Is that the way you see friendships happening?

I’ve never “planned” friendships, nor really tried to analyse what happens, so this is fresh ground for me.  It appears that there is an introductory or “meeting” phase, a discovery or “getting-to-know-each-other” phase, and then something much harder, a “keeping-in-touch” phase. Without the keeping-in-touch the friendship withers and dies.

What I see happening in the digital world is this:

There are more meeting places. More markets where conversations take place. Search costs have reduced.

Deep discovery costs have reduced.The cost of discovering similarities and differences and common interests and habits and character is lower. You can find people with similar long-tail interests more easily.

Communications costs are lower; there are also many more ways to keep in touch. So the costs of keeping in touch are lower, and it’s easier to perform the rites of passage.

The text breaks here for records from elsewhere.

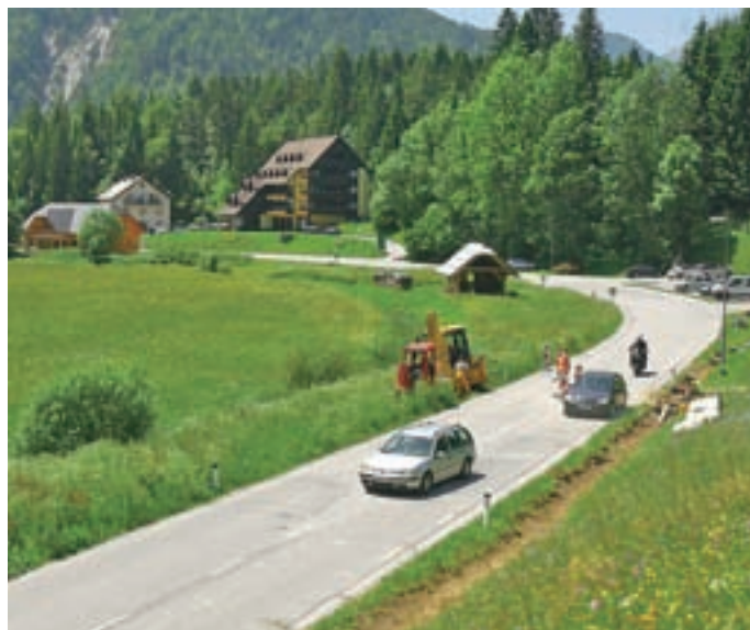
Dela ob regionalni cesti skozi Jezersko

kanalizacije na listo prioritarnih projektov za kandidaturu na 5. javnem razpisu v okviru razvojne prioritete Razvoj regij, prednostne usmeritve Regionalni razvojni program. Predviden skupni znesek sofinanciranja vseh gorenjskih prioritarnih projektov iz Evropskega sklada za regionalni razvoj v obdobju 2010-2012 je približno 18 milijonov evrov, Jezersko pa dobi kakih 860 tisoč evrov. Tako je v sklopu tega projekta predvidena gradnja čistilne naprave za 800 PE in pripadajočega kanalizacijskega omrežja. Investicija bo zaščitila podtalne in talne vode na območju, ki predstavlja enega bolj pomembnih vodnih virov in s tem bodočega vodnega zajetja regijskega pomena.”
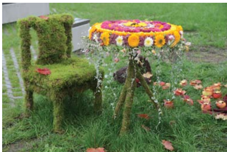
Antano Vienuolio progimnazijos mokiniai paruošė išpūdingą kompoziciją.
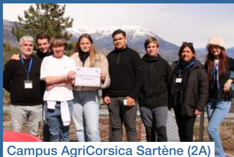
Campus AgriCorsica Sartène (2A)
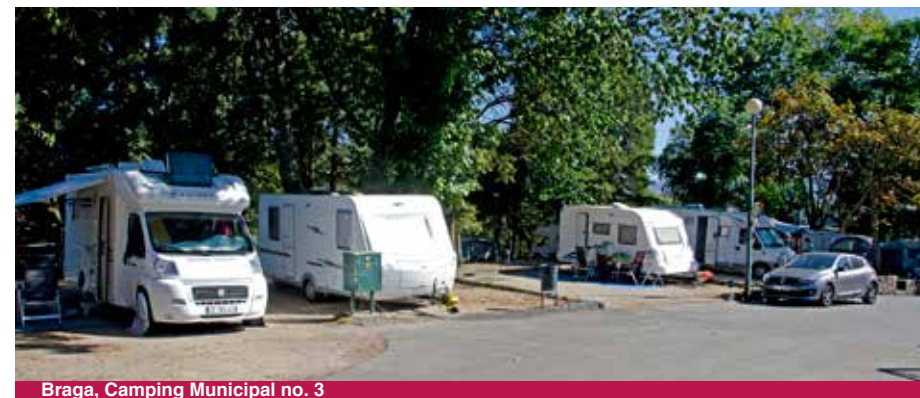
Braga, Camping Municipal no. 3

Gemeentecamping aan de rand van de stad, in heuvelachtig terrein. Meeste plekken zijn alleen geschikt voor tenten. Langs een rand (redelijk steil weggetje) zijn wat mooie plekken maar die zijn zeker niet geschikt voor campers langer dan ca. 6 meter. Bovenaan het terrein zijn plekken voor ca. 7 à 10 campers ingericht direct bij de weg (achter een muur) en daar is aardig wat verkeer. Desondanks wel een fijne camping om de stad en Bom Jesus te bezoeken (naar het centrum met de bus max 10 minuten, dan Bom Jesus, bus 2, maximaal 20 minuten). Lopen naar het centrum kan ook, je wandelt in ca. 20 minuten naar beneden/centrum. Sanitair is matig, douche-ruimtes krap, wel lekker warm water. Je mag gebruik maken van het zwembad dat onderaan de camping ligt. Honden toegestaan. Niet geschikt voor gehandicapten.
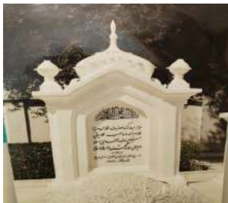
Makam Hazrat Mirza Ghulam Ahmad di Qadian
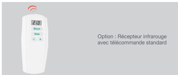
Option : Récepteur infrarouge avec télécommande standard
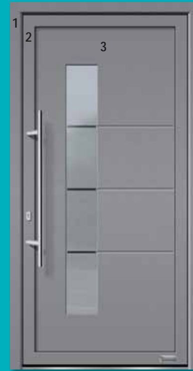
Bild 1) Haustürmodell „Robin2“, Glas Halifax mit Einsatzfüllung (Standard) Außenansicht

1 = Haustürrahmen 2 = Haustürflügel 3 = Einsatzfüllung

But all this would have meant nothing except for one more thing. Travel costs have reduced, international barriers have come down, people fly around much more than they used to. This is the catalyst. The catalyst for the capacity to increase Dunbar numbers.

I think I understand why I have a bigger Dunbar number. The digital world helps, but a digital world cannot by itself raise the Dunbar number. I make a point of spending time with people I know in the different cities and countries I visit on business; digital tools help me make this happen.

There’s something beyond this, something that Malcolm Gladwell touched upon in The Tipping Point. Weak interactions matter. Low-intrusion, protecting personal space.

So I think it’s become easier to make friends, easier to stay friends, provided the friendship in the digital world is reinforced by regular real-life meetings. Increased travel and the use of social media makes social interaction more effective, suggesting the possibility of raising the Dunbar number.

14 thoughts on “Thinking more about Digital Dunbar Numbers”

  1. But one thing which will never change is the amount of time you have in a day, month, year. Because we have a limited amount of time, and that limitation will never change, if we have a larger number of friends, we therefore have to spend some amount of time less with each one (on average) to be able to have more.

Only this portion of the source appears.